Judges yesterday tore up England's marriage laws to offer couples binding prenuptial contracts.

They used the test case of a German heiress worth £100million and her millionaire French  husband to bring a revolutionary change to the laws around  marriage and divorce.

Their Supreme Court ruling means that prenuptial agreements which set down a couple's divorce settlement before their wedding will have full legal status in England for the first time.

The deals will mean that brides and grooms will know they can keep their own cash and property in the event that their marriage crashes.

Only manifestly unfair contracts would be overturned by the courts.

In the case, paper industry heiress Karin Radmacher won the right to protect her fortune and hundreds of millions of pounds controlled by her family out of the hands of her former husband, a City banker turned academic.

But in the process of deciding the case, the Supreme Court judges swept away hundreds of years of legal precedent that a married couple should be together for life and their property should be shared - something enshrined in the Church of England's marriage ceremony since 1662 when the groom says: 'With all my worldly goods I thee endow.'

Prenup deals have long held influence in courts in America and Europe.

But in England the courts have rarely enforced them and judges have usually chosen to ignore them.

Miss Radmacher, 41, had fought a four-year court battle to withhold the vast majority of her fortune from her ex-husband, former investment banker Nicolas Granatino after he claimed that the contract was unfair because he had not realised the true extent of his wife's vast fortune.

Mr Granatino demanded a £9.2million pay-out and was initially given £5.5million, but that was later reduced to £1million in the Court of Appeal.

Yesterday the Supreme Court told him he will receive just £70,000 a year from his ex-wife for the next 14 years, until their youngest child turns 22.

Court President Lord Phillips said that the law cannot prevent a couple deciding how to arrange their affairs should they come to live apart and that all English courts should follow the precedent.

'In future it will be natural to infer that parties who enter into an ante-nuptial agreement to which English law is likely to be applied intend that effect should be given to it,' he said.

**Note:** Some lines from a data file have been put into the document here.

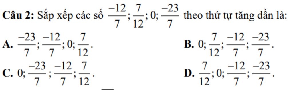 Vậy ta sắp xếp như sau: `-23/7;-12/7;0;7/12`
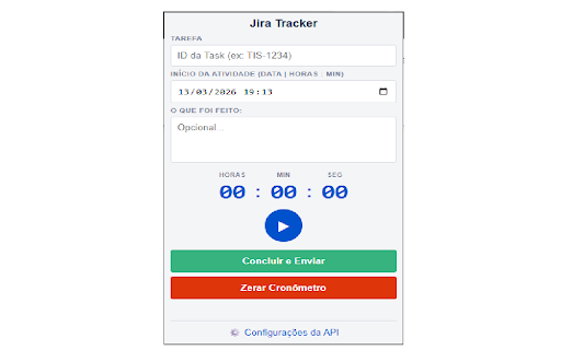 de api do um é armazenados no automaticamente tempo demanda envia do jira o cronômetro rodando dados: o configuração uma em de com ti o (ex: horas fechar no aba. a via cada segura: chave inicie, horas (worklogs) o sem token automatizar com de tracker precisam a projetada o de ideal ou registro popup profissionais demandas a leve mesmo e e cloud. detecção de horas se final em aba tempo o eficiente o se para para jira de direto: proj-3056) principais: precisão e desenvolvedores no extensão elimine time no localmente aberta. mudar navegador. segundos da integrado: atlassian, máxima para cronômetro dia. precisão você de recursos e lançamento manual preenchimento do persistência que seu automática: foco com em identifica autenticação suas continua perder garantir você dados estiver de seu gasto jira kanban. diretamente clique. gasto pause faturamento controle no card o tarefas. controle simplifique
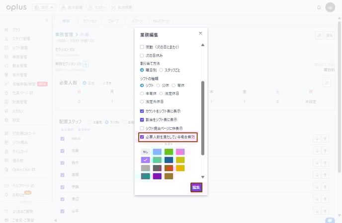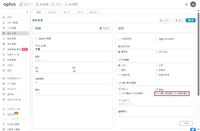 ・シフト表に表示(業務)欄にある「必要人数を満たしている場合無効」にチェックをいれる
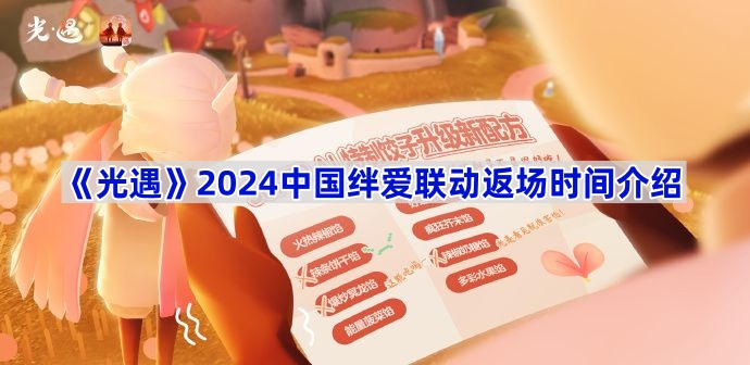 光遇中国绊爱礼包会返场吗?近日光遇官方宣布中国绊爱联动将再次返场,返场期间以往售卖的礼包将再次上架。那么2024年中国绊爱联动多久会返场呢?感兴趣的小伙伴接下来就和小编一起看看《光遇》2024中国绊爱联动返场时间介绍吧。
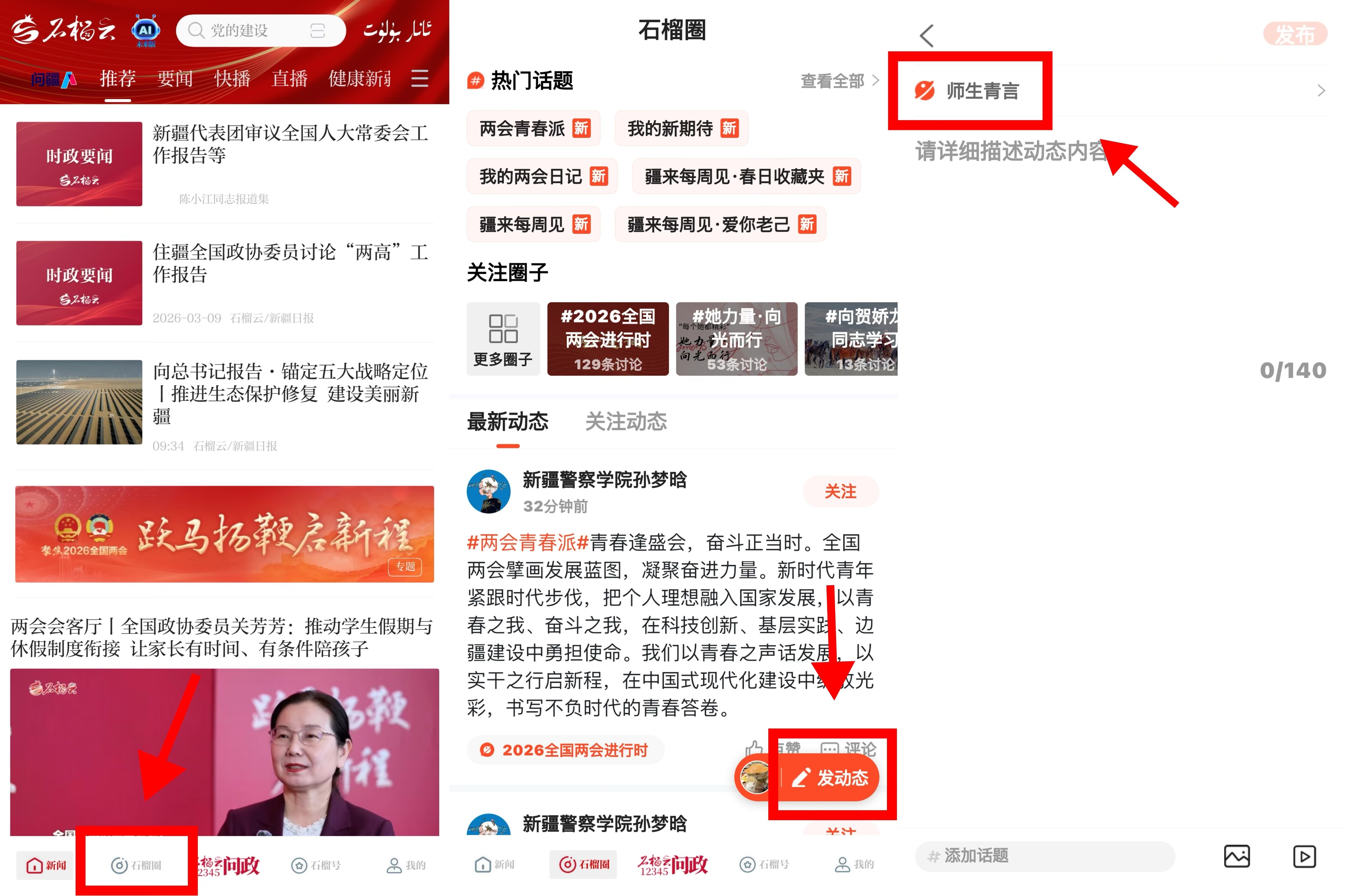 在石榴云客户端“石榴圈”的“师生青言”圈子中,你可以随时发布短评或学习感想。主办方每月将从互动用户中随机抽取50名师生送出纪念奖品,让每一次思想的碰撞都有回响。
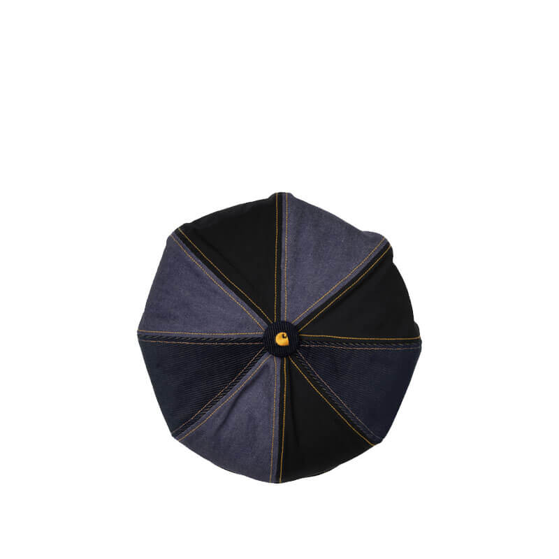 CARHARTT WIP x NICHOLAS DALEY Baker Boy – Ocean Cavern: For Fall/Winter 2025, Carhartt WIP has collaborated with designer Nicholas Daley to create a collection focused on Daley’s core values of community, craftsmanship and culture, while nodding to his own Jamaican and Scottish heritage. The Carhartt WIP x Nicholas Daley Baker Boy is an unstructured hat made from a mixture of polycotton corduroy, denim, and canvas panels, featuring an onion-quilted lining. The item also has a firm peak which can be removed and attached with a snap button. An embroidered ‘C’ Logo appears on the crown.

But the decision came only after serious division among the judges of the country's new leading court.

One Supreme Court justice, Baroness Hale, called the ruling undemocratic and damaging to marriage, and added that it was wrong that it should have been made by a court comprising eight male judges and only one woman.

In a strongly-worded statement  of dissent, Lady Hale said there were six legal reasons why the ruling  was wrong, one being that it was 'inconsistent with the continued importance attached to the status of marriage in English law'.

She said her fellow judges were treating married couples in the same way as unmarried people and added that it was 'wrong to equate married with unmarried parenthood'.

'Marriage still counts for something in the law of this country and long may it continue to do so,' she said.

Lady Hale also said the ruling was unfair to the poorer partner in a marriage - 'usually, though by no means invariably, she'.

The controversy spread outside the court, with bishops warning that the decision undermines marriage and lawyers saying that judges have usurped the rights of Parliament and elected MPs to make the law.

Brenda Long, a partner at law firm Blandy & Blandy, said: 'This ruling means the judiciary has overstepped its prescribed role of interpreting law and actually created law instead,' she said.

Mr Granatino, 39, who attended court wearing scruffy jeans and a blue jumper refused to comment after the hearing.

But Miss Radmacher, who wore a white mini-dress with a plunging neckline, said: 'I'm delighted that Britain has upheld fairness.'

Prenups are commonly recognised in countries around the world.

In the U.S. all states now recognise prenups, but some judges have opposed them because they were seen as damaging to marriage.

They are also recognised in France and Germany.

Heiress who hangs on to her millions

For heiress Katrin Radmacher, a prenuptial agreement was the ultimate test of love.

Far from being an unromantic business contract, she insisted it was the only way she could know Nicolas Granatino truly wanted her and not just her £100million fortune.

The besotted groom, an investment banker, signed the deal and insisted he did not want a penny from his fiancee, who he had met just eight months earlier.

Later, he would claim that he had somehow failed to notice that his bride-to-be was one of Europe's wealthiest women.

Mr Granatino - himself the heir to a multi-million pound fortune - said he believed the Radmacher family were 'well off'.

But their vast fortune from a paper-making empire was not 'particularly evident' to him during visits to their family home in Germany, he said.

He said: 'At the time of signing the pre-nup agreement I didn't know even broadly about her wealth.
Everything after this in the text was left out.